In our current case, the patient was diagnosed with early-stage disease, possibly because of his serious symptoms that caused his early death. This patient had most of the KS clinical manifestations and the diagnosis was established based on these clinical findings (i.e., preterm at age 34 wk), transient respiratory difficulty at birth, persistent hypoglycemia, and congenital anal atresia in the neonatal period. Moreover, the patient had persistent feeding difficulty, weak crying, hypotonia, and postnatal growth retardation, as well as distinctive facial features, multiple congenital internal malformations and increased infection susceptibility, which are consistent with KS diagnostic criteria [13]. Our current case report confirmed that KS is associated with novel KDM6A frameshift mutation (c.704_705delAG, p. N236Sfs*26) (GRCh37/hg19). Taken together, the data show that KS is genetically heterogeneous. Further studies with a larger number of KS cases will provide a better understanding of KS pathogenesis, and provide novel strategies to prevent and control KS.

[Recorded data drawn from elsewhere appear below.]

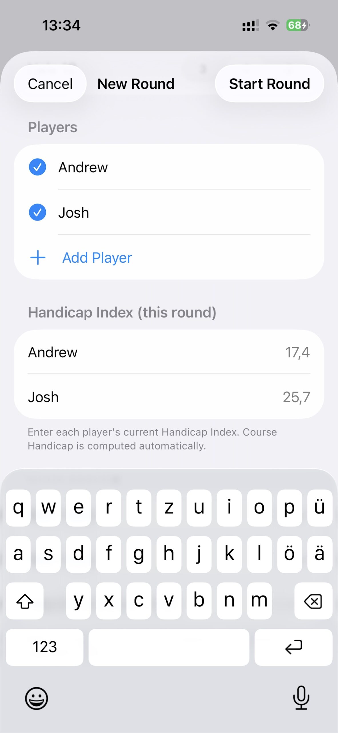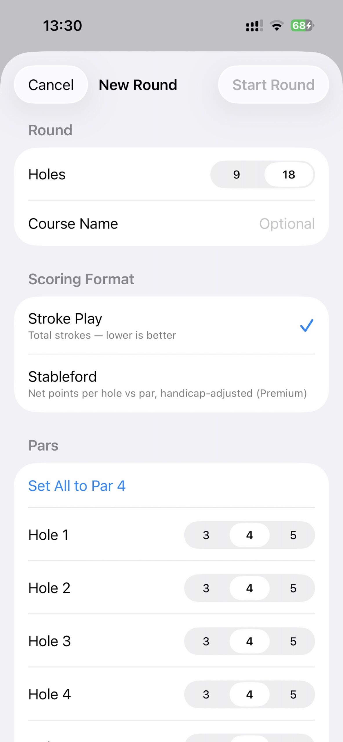No account required. Just start a round and play. All the data is stored locally on your device.
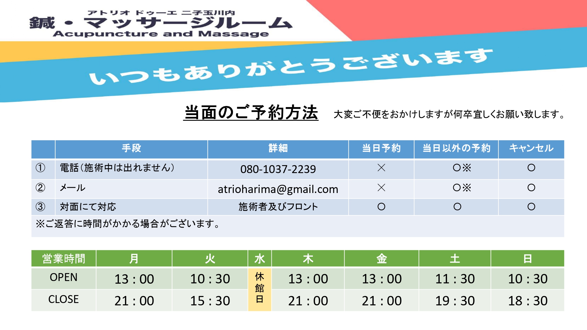 12月1日(水)より、マッサージルーム予約方法が変更致します。
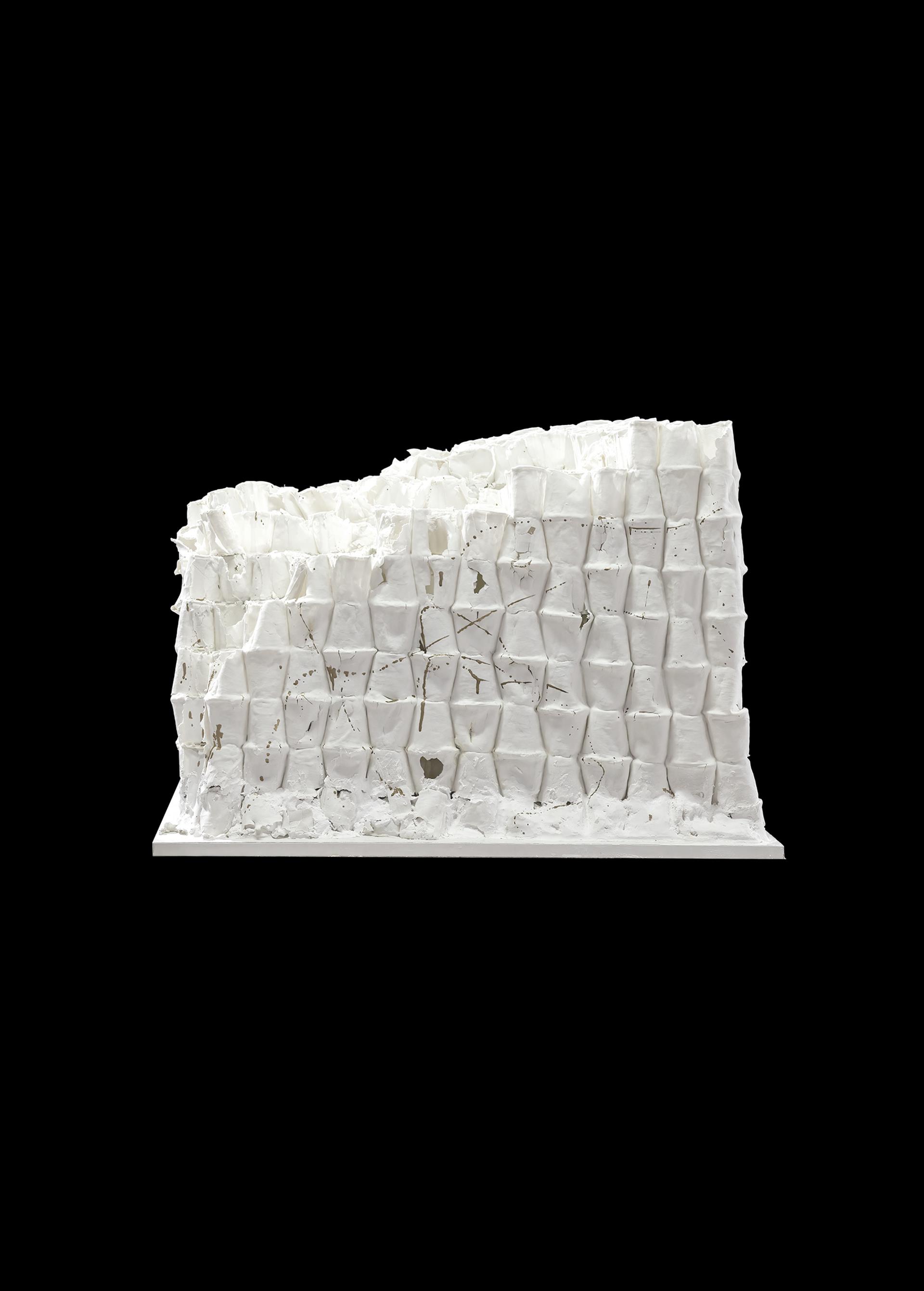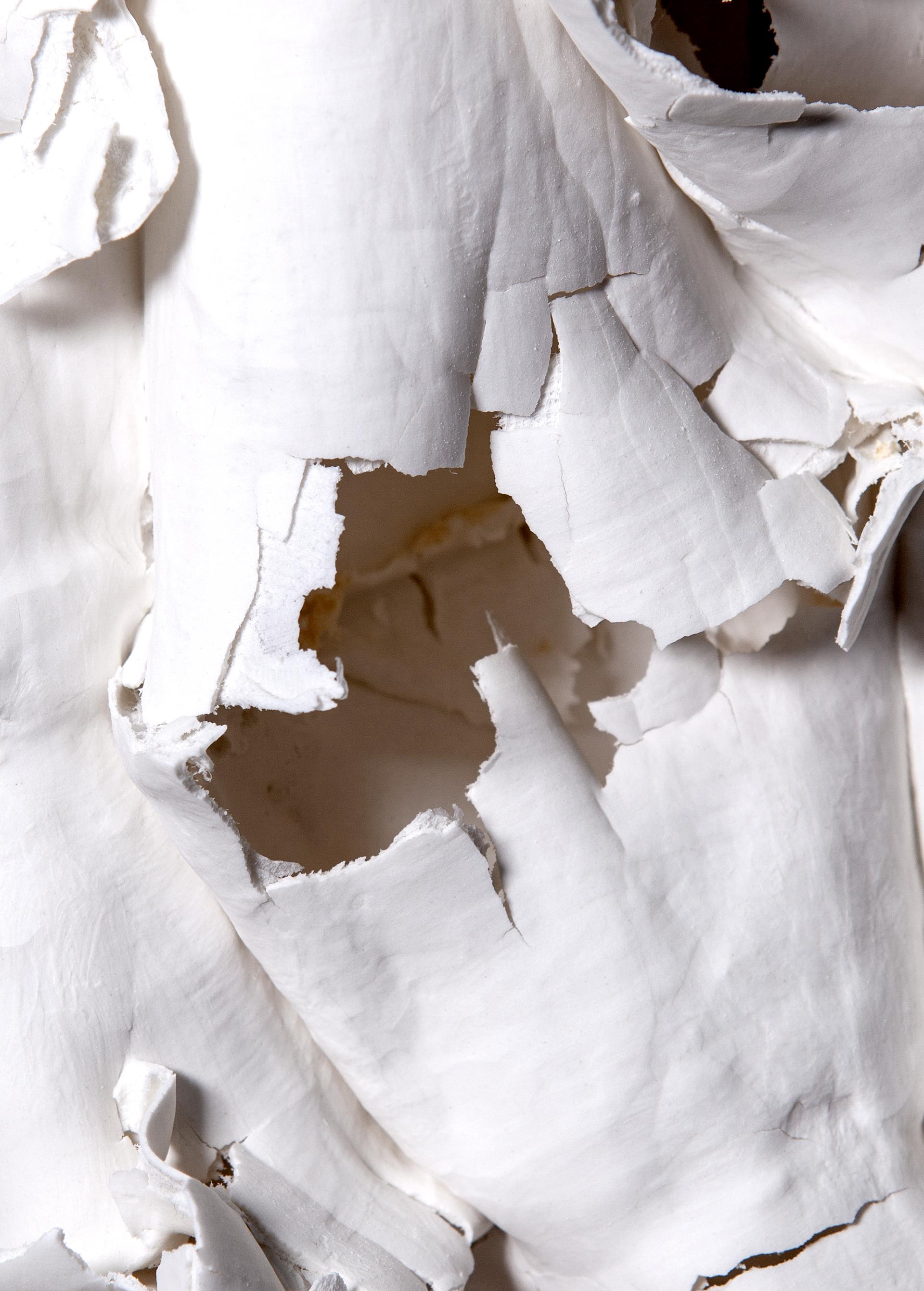 本作品由一次性纸杯辅以部分软质材料堆叠组合成型在造型外部刷涂不同厚度的高白泥浆经1280度高温气窑烧成。烧成后出现了开裂,塌陷,崩碎等不同的烧成状态,呈现了多种不同的陶瓷材质肌理效果。这种高温熔融下的多种媒介与陶瓷材料结合并融合转化而产生的自然纯粹,充分体现了陶瓷材质肌理之美的审美情趣。作品烧成后底部使用了少量石膏休整,定型,使造型整体更加稳固,挺拔。

Previous Chinese studies[8,9] have reported that KS patients have typical facial features, including the long palpebral fissures, sparse lateral or notched eyebrows, depressed nasal tip and large ears. However, the microcephaly, cleft lip/palate, and cardiac defects occurred less frequently in Chinese KS patients. Moreover, these studies[8,9] also showed the brain abnormalities, such as thinning of the pituitary and myelination of the cerebral white matter in Chinese KS patients, suggesting a strong association between various brain abnormalities and KS.

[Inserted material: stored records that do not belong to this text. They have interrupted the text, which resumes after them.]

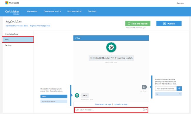 - We can test the Bot by clicking on Test tab. Enter the question and in reply, the Bot service will give a relevant answer.
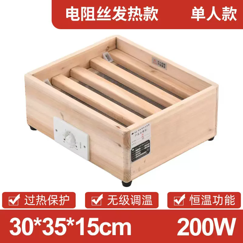 这款前创 香杉木免漆款 烤火箱,精选杉木,木质轻软,易干燥,收缩小,不翘裂,耐久性能好。新一代镍络合金电阻丝,高温环境中的强度高,长期高温运行不易变形,不易改变结构。10小时仅需1度电,以35*30型号为例,最大档位功率200W,中低档约功率100W计算,连续使用10小时约等于1度电(数据源自前创工厂测试)。
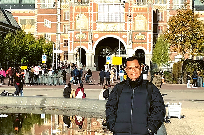 GEDUNG BERSEJARAH: Dekan Fakultas Ilmu Budaya (FIB) Unair Purnawan Basundoro berfoto di depan gedung Rijksmuseum di Amsterdam awal Oktober lalu.
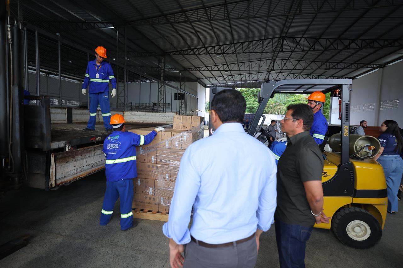 O governador Wilson Lima acompanhou, nesta terça-feira (20/05), a remessa de mais de 3,4 mil luminárias em LED destinadas à modernização da iluminação pública nos municípios de Borba e Uarini, (a 151 km e 565 km de Manaus, respectivamente). A ação integra o programa Ilumina+ Amazonas, iniciativa do Governo do Estado que já beneficia 51 cidades com soluções tecnológicas e sustentáveis para a rede de luz pública.
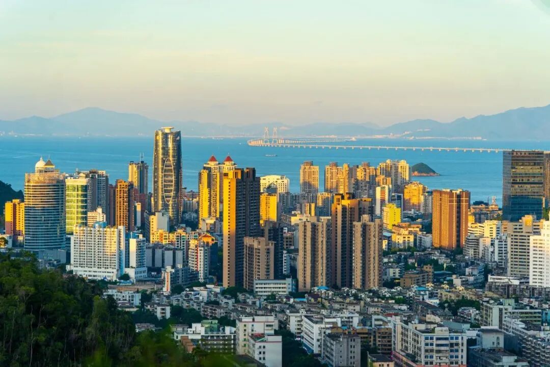 可鸟瞰月贝、珠港澳大桥、海滩、
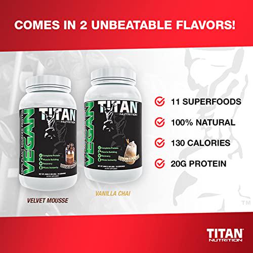 Titan Vegan Protein Powder (2 lbs) - 100% Plant-Based with 9 Essential Amino Acids + Antioxidant-Rich Superfoods - Clean, Non-Dairy High-Fiber Shake - Build Lean Muscle and Burn Fat - Velvet Mousse Titan Vegan Protein Powder (2 lbs) - 100% Plant-Based with 9 Essential Amino Acids + Antioxidant-Rich Superfoods - Clean, Non-Dairy High-Fiber Shake - Build Lean Muscle & Burn Fat - Velvet Mousse

It is worth noting that KS is a congenital multiple organ dysplasia and to date, there is no unique and specific perinatal diagnostic methodology. Long et al reported two infants who presented with prenatal hydrops/ascites, who were subsequently diagnosed with KS[22]. Guo showed the final diagnosis KS II of a 3-month-old patient with congenital hydrocephalus and suggested that congenital hydrocephalus was closely associated with KS II[7], while Rosenberg et al[23] collected retrospective data from 49 individuals with KS and over one third had complications of polyhydramnios, and reduced placental weight also complicated KS pregnancies, suggesting that the differential diagnosis for polyhydramnios in the absence of intrauterine growth retardation should include KS. A Chinese study[24] reported that a 24-week-old fetus was diagnosed with KS II using the chromosomal microarray analysis plus growth retardation and cardiovascular and musculoskeletal abnormalities using routine color Doppler ultrasonography. Another previous study[25] retrospectively reviewed 11 patients and showed that prenatal ultrasound was an important tool, while a molecular technique was also important in KS diagnosis. The most frequent ultrasound features observed were cardiac anomalies (49.4%), followed by polyhydramnios or oligohydramnios (28.9%), genitourinary anomalies (26.5%), single umbilical artery (15.7%), intrauterine growth restriction (14.5%) and hydrops fetalis/pleural effusion/ascites (12.0%); 50.6% of which had more than one abnormal antenatal ultrasound finding. These enlighten us that there are no distinct signs in fetuses to suggest the KS diagnosis prenatally. More and more investigators have suggested that prenatal phenotypic heterogeneity is associated with KS. If fetal ultrasound abnormalities show one or more deformities, KS should be considered. We need to complete a relevant gene analysis as soon as possible to realize early diagnosis and early intervention.

CONCLUSION

This case report identified a de novo frameshift KDM6A mutation localized on chromosome Xp11 (c.704_705delAG, p. N236Sfs*26) (GRCh37/hg19) in a Chinese male infant with KS. After literature review, we believe that his severe clinical manifestations were part of the KS II phenotype spectrum. Our data support the investigation of a genotype–phenotype correlation, which explains the phenotypic variability of KS II. This case provides more information about the mutational spectrum of KS II.

ACKNOWLEDGMENTS

We thank the patient’s family who agreed to this case report.